You can see that I get most of the five-letter+ words in the google set, though in a different order. Most of these words are clearly topical: political, religious, geographical,legal (party, cases) language sticks out. First names, cried, and afterwards might be indicating novels, which are a substantial portion of my dataset. And to give a sense of what creeps in lower, here are some other of the 2000 words:

> sample(colnames(IDF2000),10)
 [1] abroad   impulse  slender  division final   
 [6] vague    plants   guard    shoulder coast

For each of these words, there is some substantial subset of books that uses it more frequently than other books. There are a lot of reasons that might characterize such a subset of books:

  1. It might be what wed recognize as a genre: novels probably use slender a lot more than other types of books, botany texts and books about the electrical system use plants a lot more.

  2. It might be a topic matterdivision and guard, say, will appear in books about the military whether theyre adventure novels, histories, or foreign policy tracts.

  3. They might be authorial ticks, like Mosteller finding Hamilton (Madison?) used whilst a lot. Vague might be a word like thatsome authors just use it more. I actually suspect there are really interesting patterns related to how writers choose choose which words to use like that, because they subtly express our allegiance or indebtedness to some discursive groups. The obvious, nearly conscious ticks are things like Manassas vs. Bull Run or Soda vs. Pop to find regional orientations of texts. But I suspect there are some sorts of eventually discernible patterns underlying much more subtle distinctionsthe anglophilia in certain spellings, the exposure to Marxist thought in some vocabulary, and so on. I could go on forever about this, and maybe will later.

  4. They might be related to date of composition, although Ive tried to filter those out: a word that goes from common to obsolete, like thou, usually shows up on these lists. Some of these words would be goodif I can get around to understanding it, something like the temporally adjusted latent dirichlet allocation in this paper (pdf) would be amazing. But thats a probabilistic distribution model, not a spatial one like Im using, and Im not planning to make that leap quite yet. Im still getting something out of looking at the data this way.

  5. They might be related to something like publisher or font: some house styles will use coördinate instead of coordinate, some fonts will frequently misread the as tlie and others as tbe.

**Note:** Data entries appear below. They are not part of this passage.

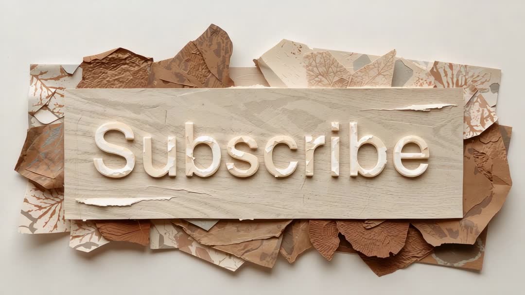 - Handmade papercraft Subscribe sign featuring torn paper collage and shifting light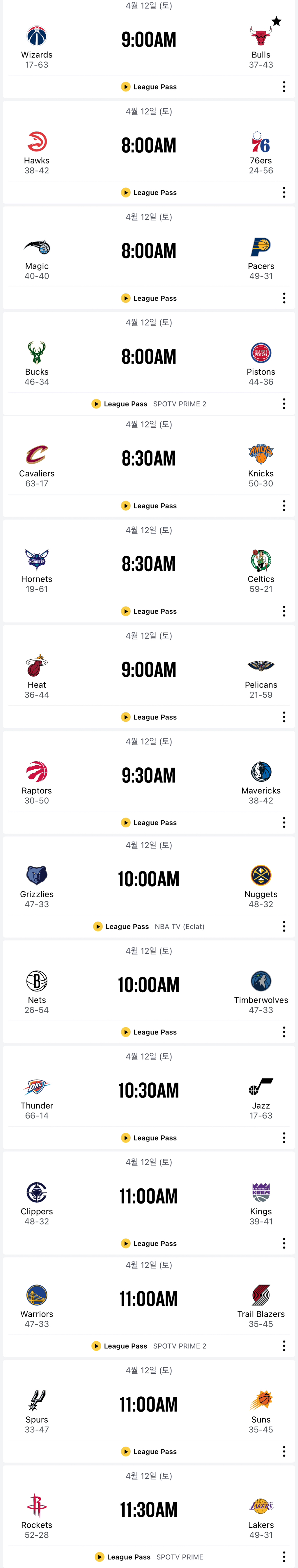 오늘자 각 컨퍼런스 순위 (25/4/11)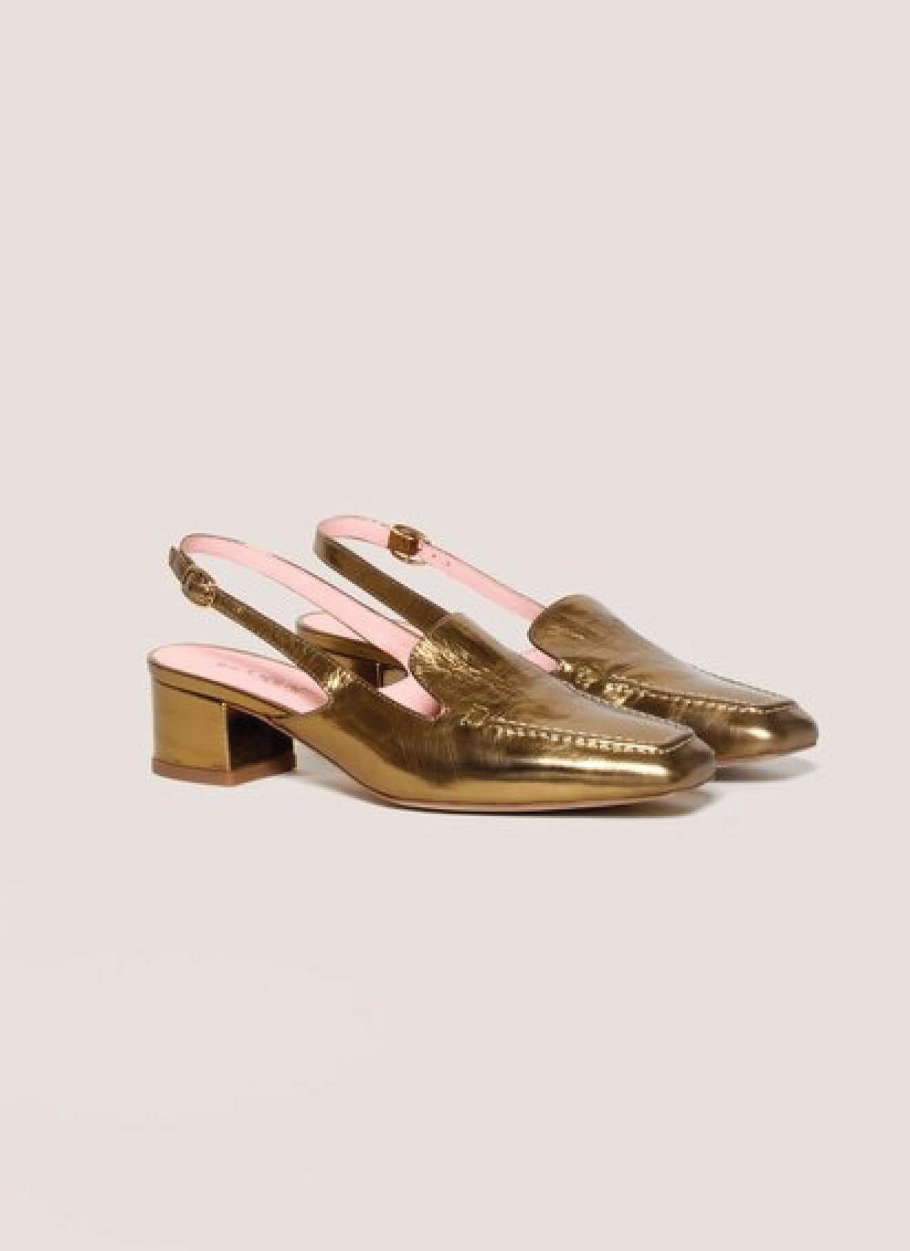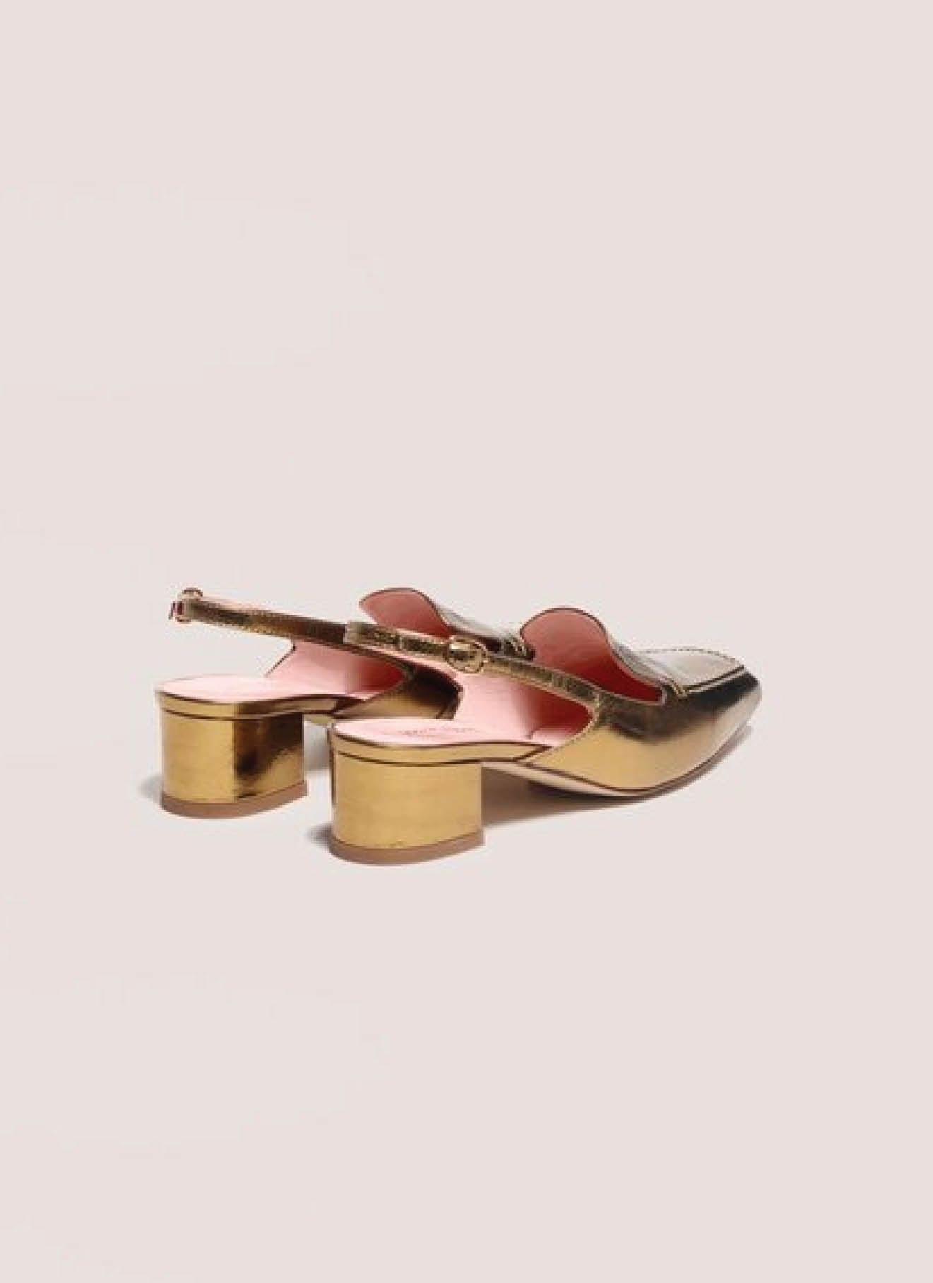 Metallic gold leather exterior. Pale pink kid leather insole and interior. Adjustable strap. Signature square toe.
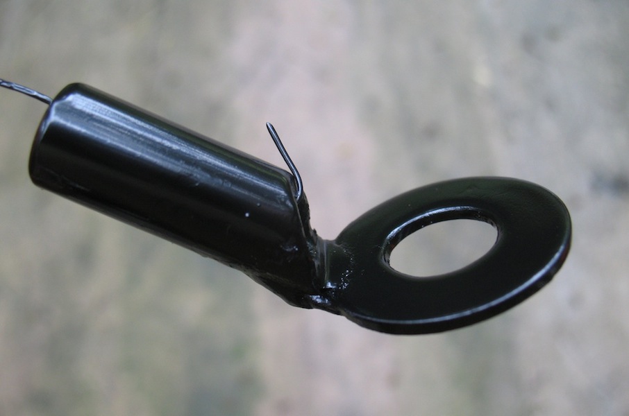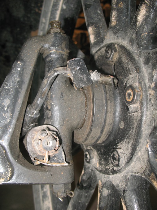 | Here's the bracket attached by the spindle nut. The sensor is mounted on it with Gorilla tape. The magnet is attached to the wheel by a hub nut. Note that the magnet mounting bracket is different from the one in the earlier picture. There have been some changes over the years as I figured out what didn't work very well and what did. This photo also shows the Achilles' heel of this speedometer. The delicate wires are easily damaged by road hazards like gravel kicked up by the wheels. Here you also see that extra wire needs to be spliced in. The wire as it comes with the speedometer is fine for a bike, but isn't long enough for car use. A few feet of speaker wire will solve that. I cover the splices with shrink tubing, which has been cut off here to show the splices and the broken wire. |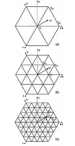 Техника МОВ может быть легко применима для всех многоуровневых инверторов. Рисунок справа показывает векторы пространства для традиционных двух-, трёх- и пятиуровневых инверторов. Эти векторные диаграммы универсальны независимо от типа многоуровневого инвертора. Другими словами, рисунок справа действителен для пятиуровневого зафиксированного на диод, зафиксированного на конденсатор, или расположенного каскадом инвертора. Смежные три вектора могут синтезировать желаемый вектор напряжения путем вычисления рабочего цикла (Tj, Tj+1, и Tj+2) для каждого вектора.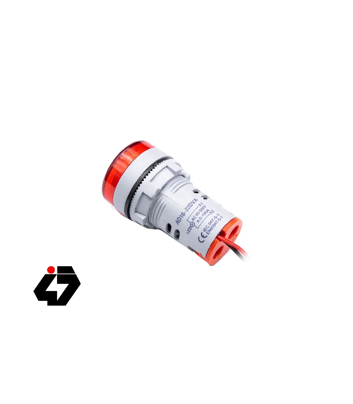 ولتمتر و آمپرمتر چراغ سیگنالی AC500V-100A قرمز گرد مدل AD16-22FVA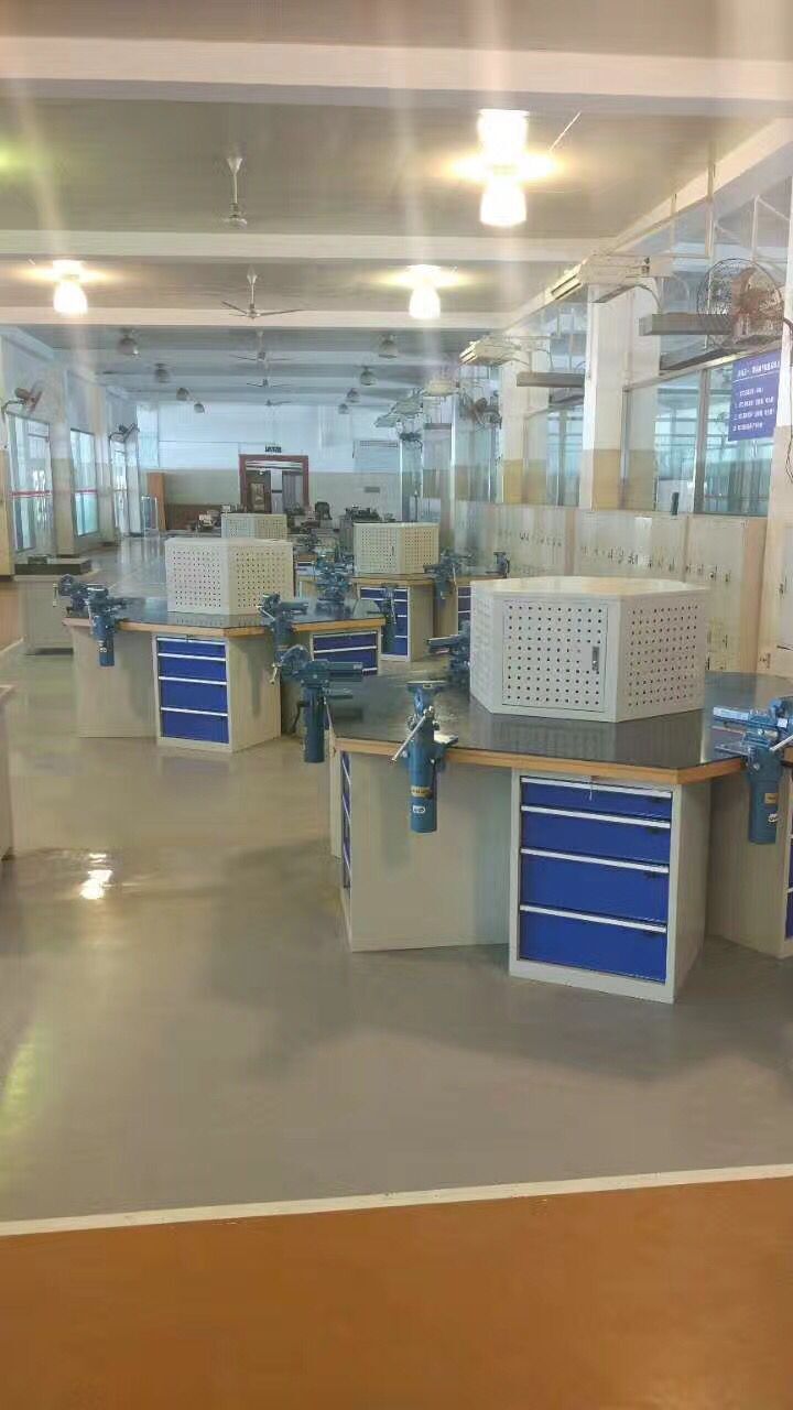 冠久鉗工工作臺是根據(jù)教學(xué)要求研制的,該產(chǎn)品配備的鉗工工具通用化、標(biāo)準(zhǔn)化和專用化,可提高學(xué)生的操作技術(shù)和動手能力。鉗工大多是在鉗工臺上用手工工具操作為主,對工件進(jìn)行加工。手工操作的特點是技術(shù)性強(qiáng),加工質(zhì)量的好壞主要取決于操作者技術(shù)水平的高低,它的工作范圍較廣,具有萬能性和靈活性的優(yōu)勢且不受設(shè)備、場地等條件的限制,因此凡是采用機(jī)械加工方法不太適宜或難以進(jìn)行機(jī)械加工的場合,通常由鉗工來完成,尤其是機(jī)械產(chǎn)品的裝配、調(diào)試、安裝和維修等更需要鉗工,所以說鉗工是機(jī)械制造工廠中應(yīng)用普遍的工種之一,鉗工實驗室設(shè)備也是各大院校、技校不可缺少的實訓(xùn)教學(xué)產(chǎn)品。該實驗室設(shè)備可以完成常用工具的認(rèn)識和使用,錘、鋸、鑿、劃線、裝配、調(diào)試、安裝、維修等教學(xué)工具。冠久鉗工工作臺有六個角六個工位,是由六個工位以弧形方式圍著坐成一圈。其特點是節(jié)省空間適合以小組為單位培訓(xùn)及作業(yè),如此提高工作效率。 鉗工工作臺適合于學(xué)校精工實習(xí)教學(xué)方面和公司工廠團(tuán)體小組協(xié)作完成生產(chǎn)工作。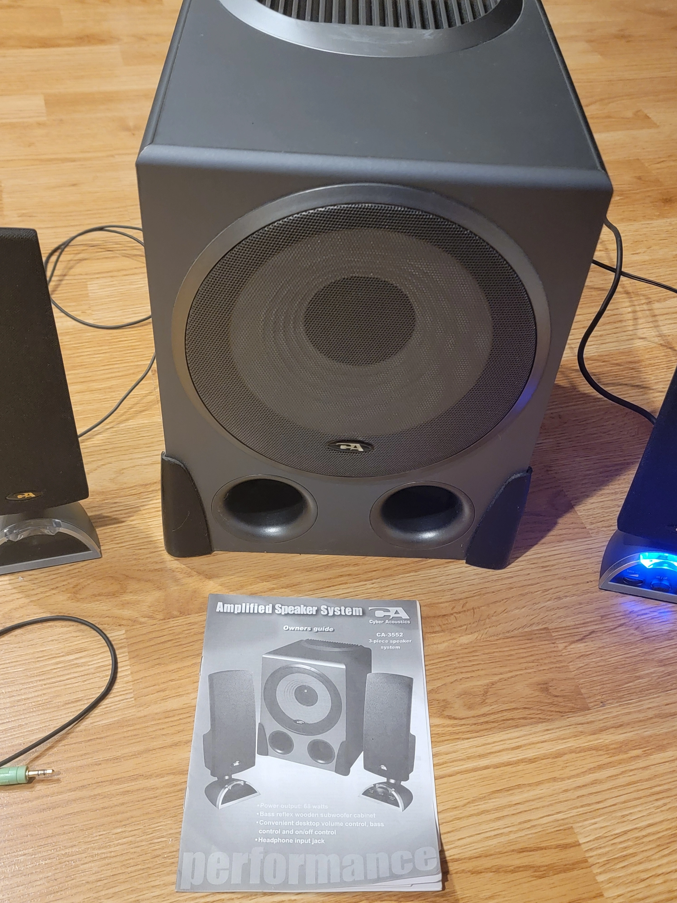 Buy & SellCyber Acoutics CA-3552 Speaker System πCyber Acoutics CA-3552 Speaker System π$35Power Output: 68 Watts, Bass reflex wooden subwoofer cabinet, convenient desktop volume control, bass control and on/off control, headphone input jackBrandCyber AcousticsWHERE TO MEETMcDonalds-1256 Eglinton Ave W, near Creditview Road and Eglinton Ave WestView MapSELLERverifiedLaksafanEast Credit982 reviews0 chatsΒ·0 favoritesΒ·19 viewsSEND CHAT TO SELLERHi Laksafan! Iβm interested in your listing.Hi Laksafan! Iβm interested in your listing.Get the Karrot app to chatSign In to chat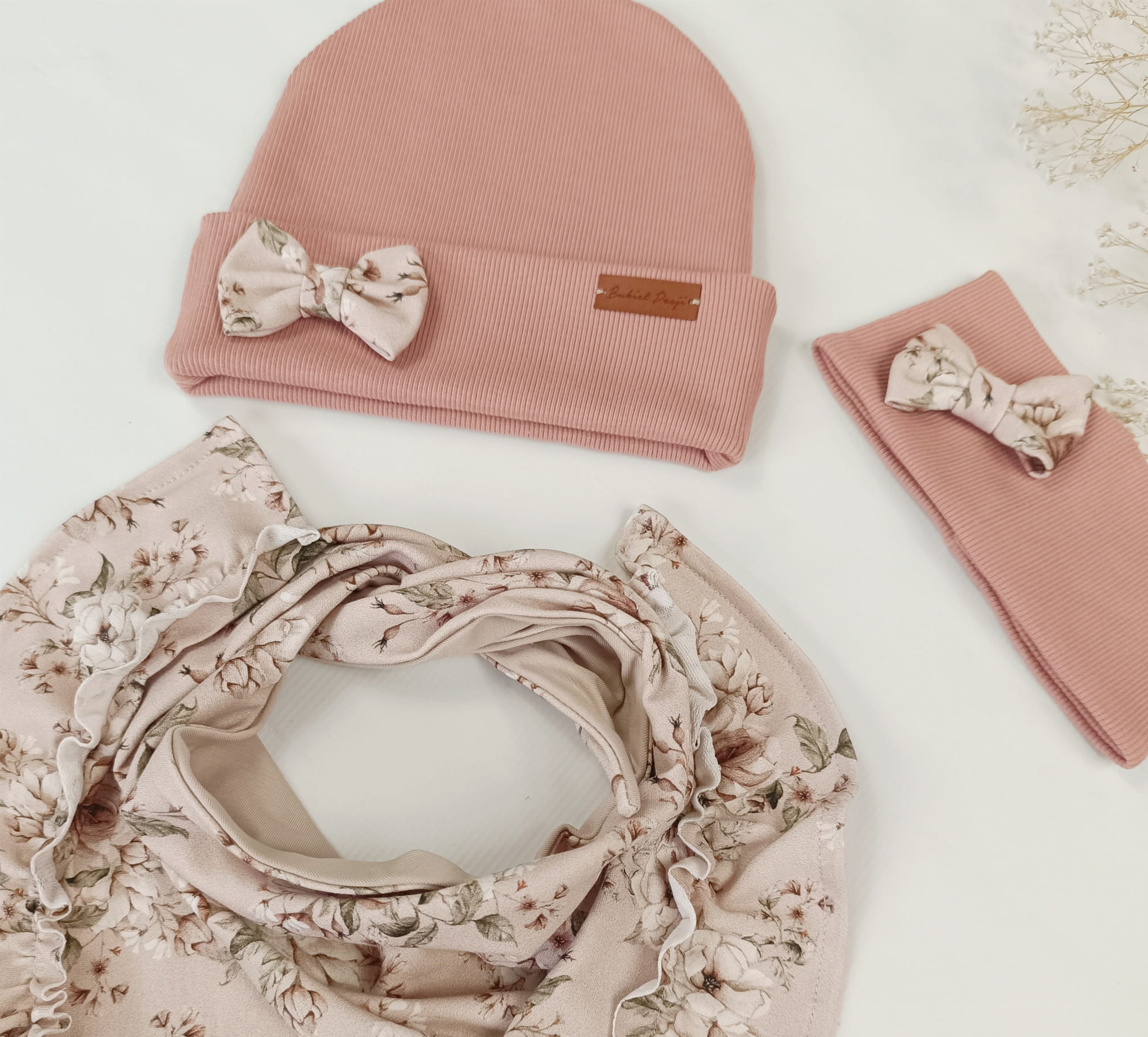Czapka herbal rose z kokardką, z chustą z falbanką NEWBIE ROSIE RÓŻ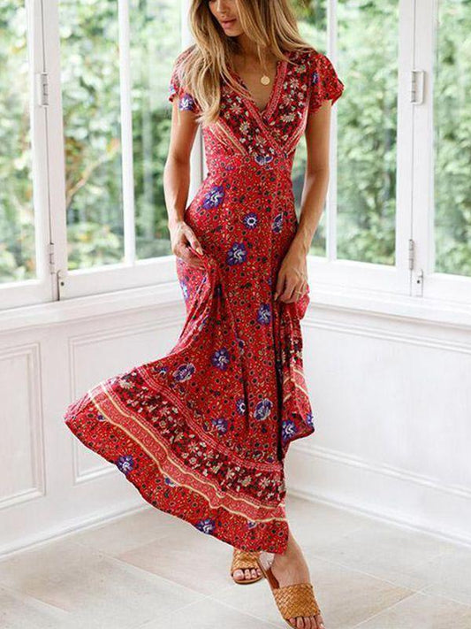 Bohemia V-neck Printed Beach Maxi Split Dresses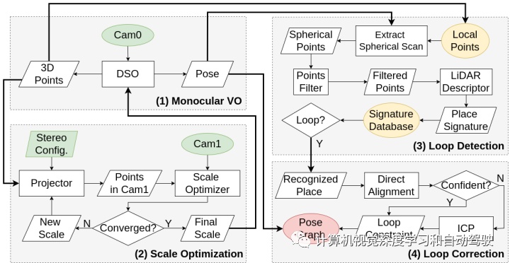 8 “Fast Direct Stereo Visual SLAM“, arXiv,December,2021作家来自美国明尼苏达大学。本文提出一种不依赖于特点检测和成家的火速、确切的立体视觉SLAM本事,DSV(direct-stereo-vision)-SLAM。将单目DSO(Direct Sparse Odometry)本事扩展到立体视觉体系,通过优化3D点标准来最小化立体视觉的光度(photometric)差错;与古代的立体成家比拟,这是一种盘算出力高且鲁棒的本事。进一步扩展到有闭环的全体SLAM体系,省略累积差错。正在假设摄像机向前运动的景况下,从视觉里程计得回3D点,模仿激光雷达扫描,用激光雷达点云刻画子举办处所识别,更有用地检测闭环。然后,用直接对齐法(direct alignment)推测相对状貌,最小化潜正在闭环的光度差错。可选地是,用ICP(Iterative Closest Point)算法对直接对齐本事进一步矫正。结尾,优化一个pose graph,普及全体SLAM精度。由于避免SLAM体系的特点检测或成家,确保较高的盘算出力和鲁棒性。对大家数据集的彻底测验,验证阐明其有用性。代码开源:IRVLab/direct_stereo_slam如图是该本事DSV-SLAM的概览:将标准优化和基于激光雷达刻画子的处所识别本事联结到直接立体视觉SLAM体系中,(1) 从Cam0下手,单目VO推测摄像机状貌并天生3D点;(2) Scale Optimization模块用3D点推测并连结VO标准;(3) 闭环检测(loop closure detection)模块基于VO的3D点检测闭环;(4) 看待潜正在闭环,Loop Correction模块推测闭环的相对状貌,并全体性优化状貌。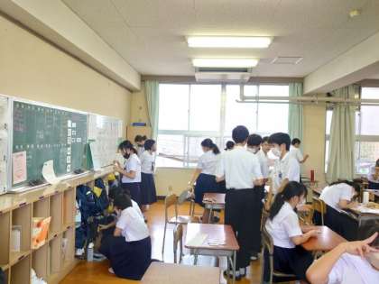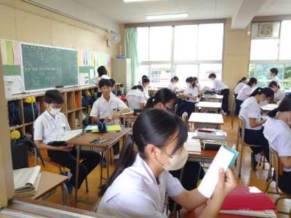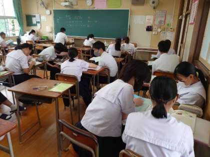 2年生の教室でも皆さんがテスト勉強中。問題を出しあったり、参考書を読みふけったり、それぞれのスタイルで開始前を過ごしています。まずは初日のテストを無事に乗り切りましょう!

Anyway: I havent picked these words as interesting in and of themselves, but because given my limited processing power, they should better than other words at discriminating between genres. So thats what Im looking at next.

Comments:

This is a very good and informative post. This pos

Clipping Path - May 5, 2014

This is a very good and informative post. This post has helped a lot of people out there. But I am the only one wholl appreciate it. Thanks!

Thanks for the information provided in this blog a

Alin - Jan 4, 2015

Thanks for the information provided in this blog as it has been very helpful to what Im doing with my own works. Appreciate your blog very much.